Liquidity Risk

Liquidity Risk

Liquidity risk refers to the ease and cost associated with buying and selling these instruments. The trading volumes and bid-offer costs can greatly differ across various fixed-income markets and regions.

For instance, sovereign bonds in large developed markets like the US or UK are typically highly liquid. The institutional bid-offer spreads in secondary markets for these on-the-run securities are often less than one basis point during trading hours. Conversely, smaller, off-the-run corporate bonds or structured notes, such as those from a small tech startup, may have bid-offer spreads of 10 basis points or more and may take days to execute. This is due to the fact that many outstanding bonds do not trade at all on a given trading day.

Trading in Fixed-Income Instruments

In the US corporate bond market, a single major issuer like Apple might have dozens of outstanding debt tranches of varying tenor, currency, or other feature, each separately traded and identifiable via a specific CUSIP or ISIN (International Securities Identification Number). Traditionally, individual bond issuance and trading has occurred in over-the-counter (OTC) markets rather than on an exchange. The liquidity of OTC markets depends on individual dealers, their specific portfolio and depth of inventory, and their willingness to supply liquidity at a cost.

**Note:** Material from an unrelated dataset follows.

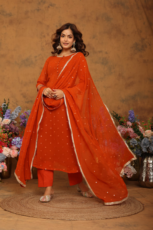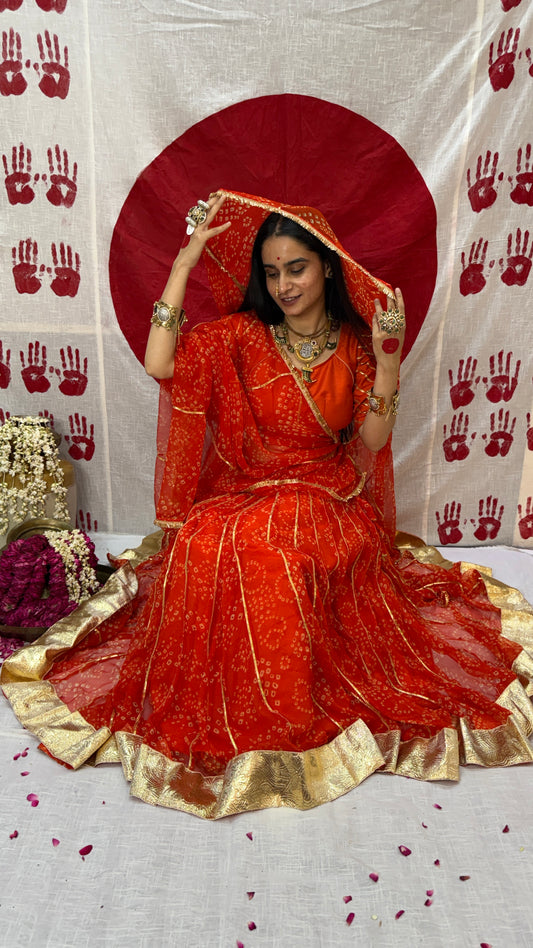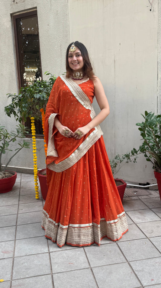 Siddhi Orange Bandhani lehenga
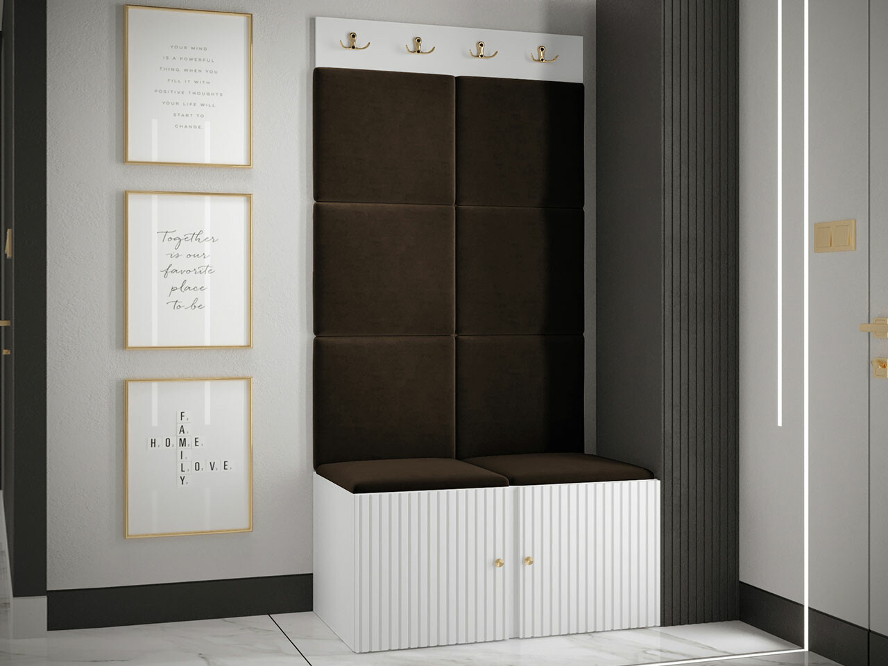 Een elegante en functionele keuze voor je huis. Dankzij het verhoogde oppervlak creëert het paneel een uniek 3D-effect. Deze zachte panelen zorgen voor meer gezelligheid en comfort, bovendien zien ze eruit als een decoratief element. Door hun unieke eigenschappen absorberen ze geluid. Gebruik de panelen als een aparte kamerfunctie of om de hele muur te bedekken.

Impact of Electronic Trading Platforms

Post the 2008-09 global financial crisis, the use of electronic trading platforms for bond trading has increased due to higher regulatory capital requirements reducing bond inventories among dealers. As of 2020, electronic trading platforms constituted less than one-third of individual corporate bond trading volume. However, trading in bond portfolios and bond ETFs has grown in importance. Transaction cost estimates in bond markets differ significantly from those in equity markets due to differences in market structure.

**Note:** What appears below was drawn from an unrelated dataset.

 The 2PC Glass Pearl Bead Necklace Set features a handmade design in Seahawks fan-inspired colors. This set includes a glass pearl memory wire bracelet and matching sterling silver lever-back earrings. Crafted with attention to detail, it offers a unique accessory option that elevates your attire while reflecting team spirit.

Price Discovery for Infrequently Traded Bonds

Price discovery for infrequently traded bonds, such as municipal bonds or corporate bonds, often begins with matrix pricing techniques. These techniques utilize bonds from similar issuers, like other municipal entities or corporations in the same industry, and actively traded government benchmarks, such as Treasury bonds, to establish a bond’s fair value.

Estimating Trading Cost

For bonds actively quoted on a request-for-quote system by individual dealers, such as corporate bonds or municipal bonds, the effective spread transaction cost statistic is used to estimate trading cost. This statistic, introduced in previous lessons, is calculated using the formulas below:

For buy orders: $$\text{Trade size} \times \left(\text{Trade price} – \frac{\text{Bid + Ask}}{2}\right)$$

For sell orders: $$\text{Trade size} \times \left(\frac{\text{Bid + Ask}}{2} – \text{Trade price}\right)$$

The effective spread is an inadequate measure of trading costs for positions that are traded in smaller orders over time, such as penny stocks, and/or whose execution affects market spreads, like large block trades.

TRACE Reporting System

The TRACE (Trade Reporting and Compliance Engine) reporting system is a separate, ex-post liquidity gauge specific to the US corporate bond market. Introduced in 2002, TRACE tracks real-time price and volume reporting for bond transactions. Portfolio managers often review recent TRACE trading activity to estimate the cost of trading a bond position.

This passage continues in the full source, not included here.